最后，我找到了解决方案，方法是将获得的输出转换为类型列表
以下代码行

prediction = loaded_model.predict(d)
listtype = prediction.tolist()
return jsonify(listtype)

Bhoom！终于得到了预期的输出，
enter image description here

可以使用检查类型来简化循环：

1
2
3
4
5
6
7
8
9
10

with open("jsondontdoit.json", 'w') as fp:
for key in bests.keys():
if type(bests[key]) == np.ndarray:
bests[key] = bests[key].tolist()
continue
for idx in bests[key]:
if type(bests[key][idx]) == np.ndarray:
bests[key][idx] = bests[key][idx].tolist()
json.dump(bests, fp)
fp.close()

这是一个不同的答案，但这可能有助于帮助试图保存数据然后再次读取数据的人。
有一个比泡菜快和容易的hi。
我试图保存它并在pickle dump中阅读，但是阅读时有很多问题，浪费了一个小时，尽管我正在处理自己的数据来创建聊天机器人，但仍然找不到解决方案。

vec_x和vec_y是numpy数组：

1 2	data=[vec_x,vec_y] hkl.dump( data, 'new_data_file.hkl' )

然后，您只需阅读并执行以下操作：

1	data2 = hkl.load( 'new_data_file.hkl' )

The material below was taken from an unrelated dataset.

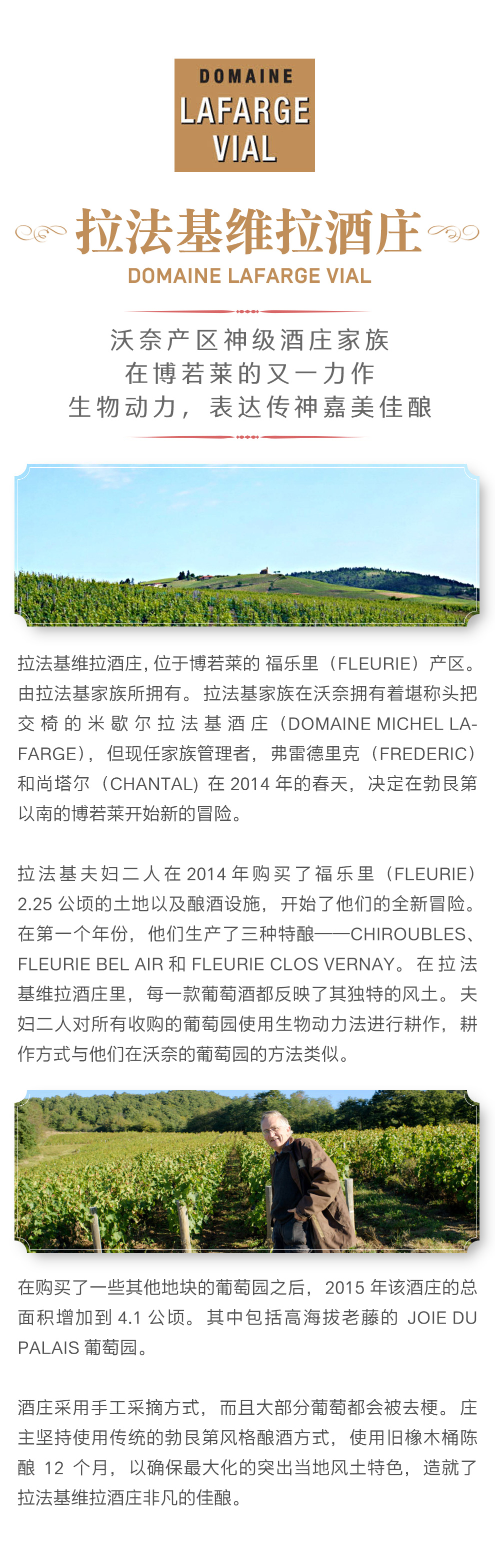 拉法基家族在沃奈拥有着堪称头把交椅的米歇尔拉法基酒庄(Domaine Michel Lafarge),但现任家族管理者,弗雷德里克(Frederic)和尚塔尔·拉法基(Chantal)在 2014 年的春天,决定在勃艮第以南的博若莱开始新的冒险。

这是一个对我有用的实现，并删除了所有nan(假设它们是简单的对象(列表或字典))：

1
2
3
4
5
6
7
8
9
10
11
12
13
14
15
16
17
18
19
20
21
22
23
24
25
26
27
28

from numpy import isnan

def remove_nans(my_obj, val=None):
if isinstance(my_obj, list):
for i, item in enumerate(my_obj):
if isinstance(item, list) or isinstance(item, dict):
my_obj[i] = remove_nans(my_obj[i], val=val)

else:
try:
if isnan(item):
my_obj[i] = val
except Exception:
pass

elif isinstance(my_obj, dict):
for key, item in my_obj.iteritems():
if isinstance(item, list) or isinstance(item, dict):
my_obj[key] = remove_nans(my_obj[key], val=val)

else:
try:
if isnan(item):
my_obj[key] = val
except Exception:
pass

return my_obj

此外，有关Python中的列表与数组的更多非常有趣的信息?> Python列表与数组-何时使用？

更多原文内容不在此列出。